Though eSports, the name given to competitive video gaming, is mainly the realm of the “under 35” demographic, there are striking similarities between the video gaming tournament and events hosted by electric co-ops, utilities, and corporations.
It may not be easy to see the similarities at first glance, but look closely. For example, when compared to an electric co-op annual meeting, it’s easy to see that the attendees have similar characteristics. Many of those in the video gaming community know each, either personally or through their online interaction and persona . They tend to be somewhat clannish, with their own culture, and sense of community; i.e. - who’s a part of the group and who's not, with corresponding friendships and rivalries.
Compare this with the co-op members that attend annual meetings. Almost everyone is a “local”, and many attendees knowing each other personally with some being related to each other, or lifelong friends. Many have similar socioeconomic backgrounds and like gamers, they have a strong sense community, who belongs and who doesn’t. In such an environment, disagreements and issues can flair up quickly with unanticipated intensity.
Video game eSports events tend to have very lax security. At the Jacksonville incident, the pizza restaurant where the tournament was taking place had plainly advertised the fact that the location is a “gun free zone”. But in reality these signs are advertisements, not security; they do nothing to prevent such incidents from taking place.
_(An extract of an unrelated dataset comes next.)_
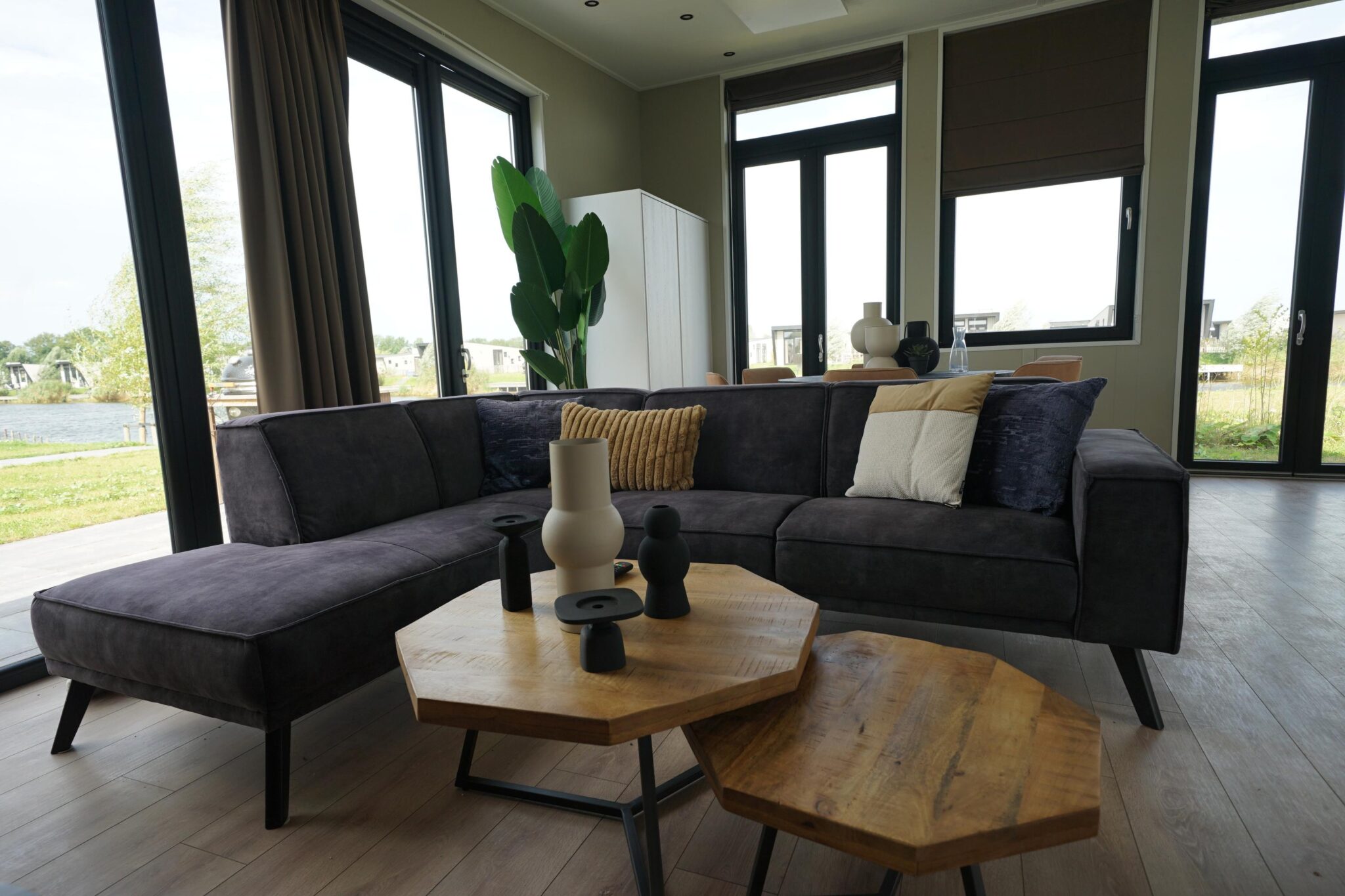 Tegelijkertijd is er naast dat thuis-gevoel ook de dagelijkse prettige tinteling op vakantie te zijn. Dankzij de blik op het terras en de mooie tuin door de grote ramen. Dankzij ook de inspirerende wijze waarop de vakantiewoning is aangekleed.

It is our understanding that there was no armed security presence, and no plans for handling such a contingency in place. What little, if any, unarmed security element that was present wasn't prepared or equipped to deal with the unfolding crisis. In post event interviews, many of the professional gamers have mentioned that they have long believed that the lack of security at these events was a problem. Like at any sporting event or competition where money, egos, and reputation are on the line, tempers flare with little provocation with people holding long-lasting grudges. Remember, people do take things very personally.
What is the take-way?
First, make sure that security is a priority in your event planning and preparation.
Second, avoid “linear thinking” when developing your security plans and “expect the unexpected”.
Third, consider drawing on the expertise of an external security expert - it'll be worth it if a crisis develops.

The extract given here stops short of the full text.